Einwohner tragen in Simferopol, der Hauptstadt der Krim, eine russische Fahne. Die Mehrzahl der Ukrainerinnen und Ukrainer auf der Halbinsel sind russischstämmig. Keystone

Die Schweizer Zeitungen bringen den Aufmarsch russischer Truppen auf der ukrainischen Halbinsel Krim und die Generalmobilmachung der Streitkräfte in der Ukraine vom Wochenende auf einen gemeinsamen Nenner: Der russische Präsident Wladimir Putin benutzt die Krim als Verhandlungspfand im Poker um die Macht am Schwarzen Meer.

«Putin ist am Ziel», titeln Der Bund und Tages-Anzeiger. «Vor einer Woche feierte er in Sotschi noch den Sieg auf dem Spielfeld, nun geht es um einen ganz anderen Sieg», schreibt die Kommentatorin.
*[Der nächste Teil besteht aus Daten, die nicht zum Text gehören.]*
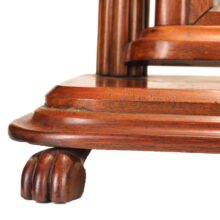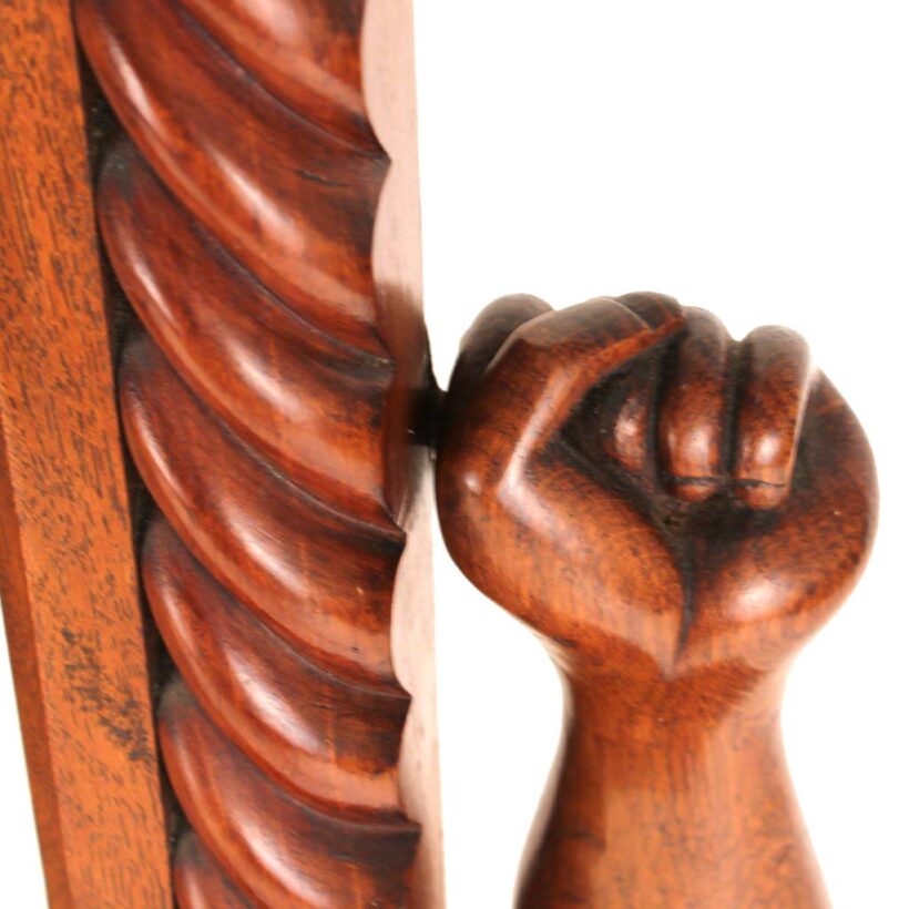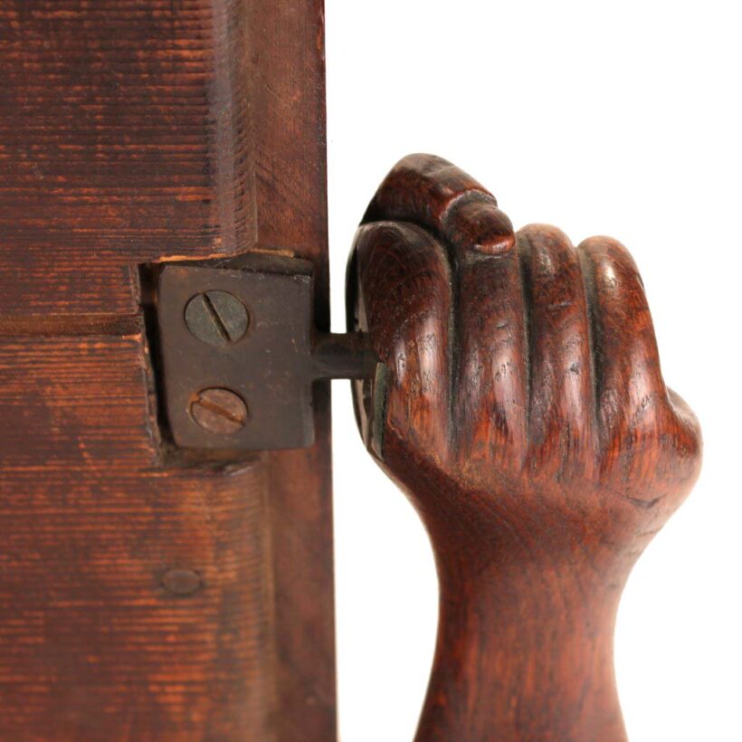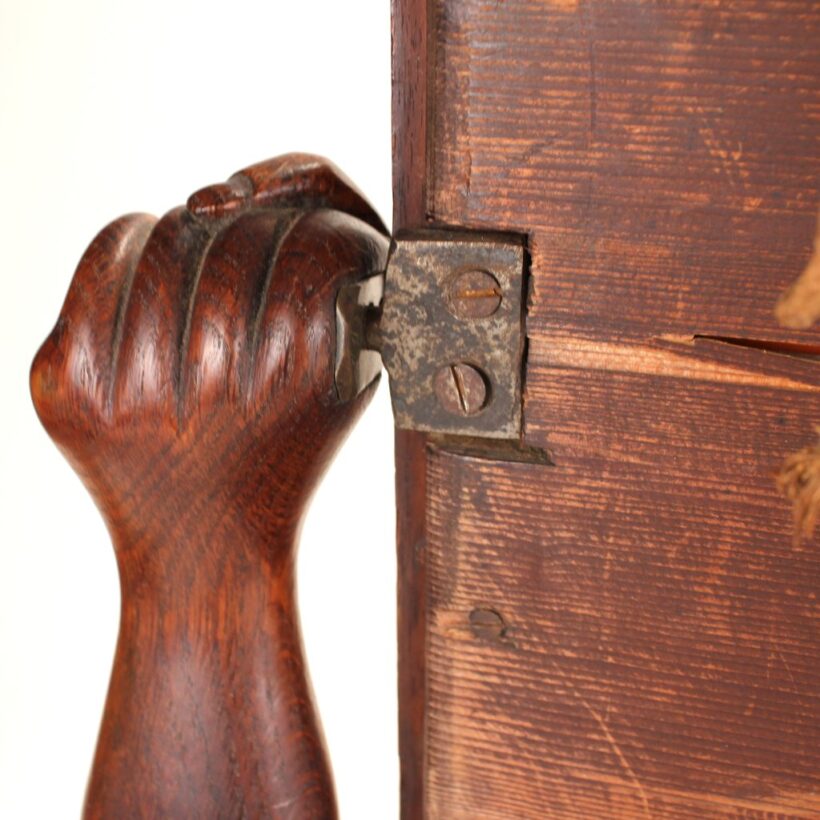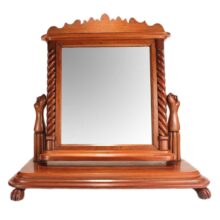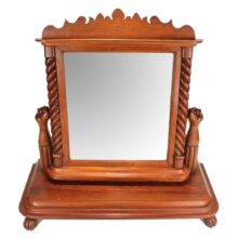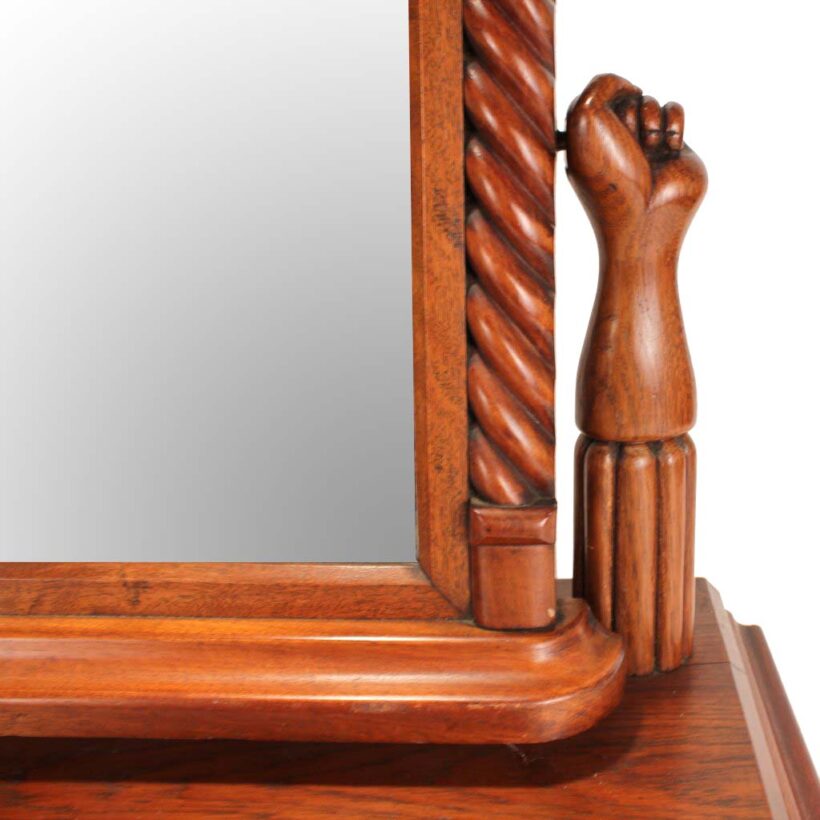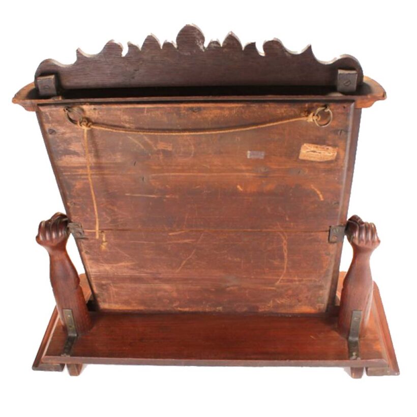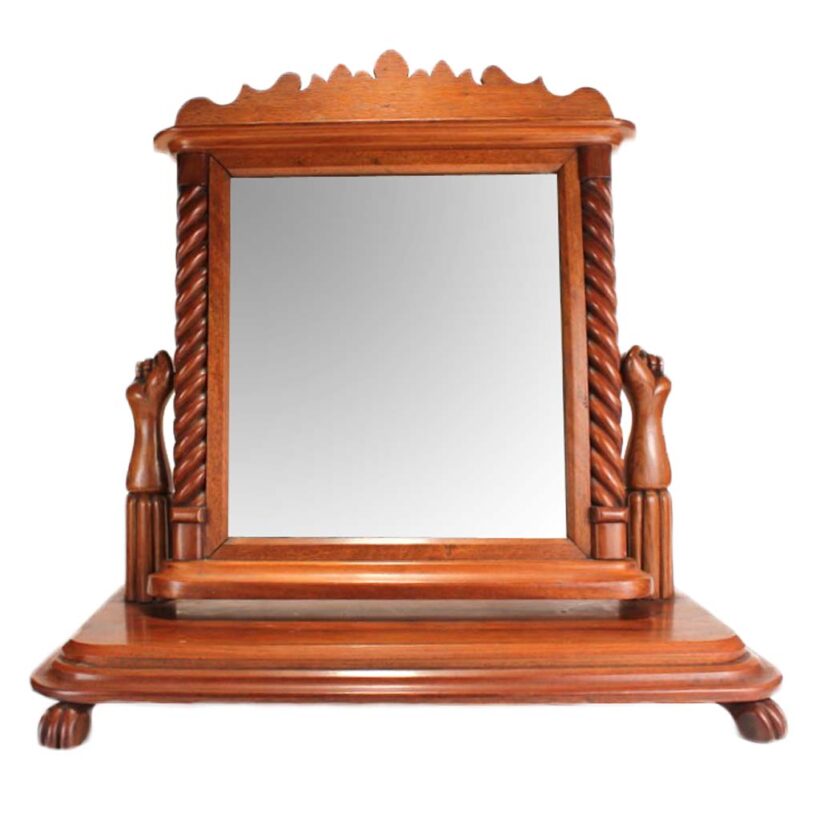 Antique folk art dressing table looking glass with carved hand supports, probably cherry wood, c. third quarter 19th century. The mirror is distinguished by its unusual and dramatic carved pillars, which take the form of clenched hands and hold up the looking glass like arms. The inventive form and fine quality of the dresser mirror extends beyond the arms, however, with barley twist pilasters flanking the glass, a coved perimeter on the pedestal, paw-like feet, a curvilinear crest, and a thick beveled looking glass, all indicating the piece came from the workshop of a gifted woodworker.

Zwar trete Putin nicht als Feldherr auf, doch das habe er gar nicht nötig, «denn faktisch ist Putin bereits am Ziel: Russland hat die Kontrolle über die Krim übernommen».

Der Konflikt mit Georgien habe gezeigt, wie Russland in Staaten der ehemaligen Sowjetunion abtrünnige Gebiete unter seinen Einfluss bringe. Der Ukraine drohe nun das gleiche Szenario. «Sollte die Ukraine es wagen, die Krim anzugreifen, wird die russische Armee zurückschlagen. Derweil macht Russland die Krim zu einem Stachel im Fleisch der Ukraine. Über dieses loyale Gebiet wird man im Bedarfsfall auch in der Ostukraine Unruhe stiften können.»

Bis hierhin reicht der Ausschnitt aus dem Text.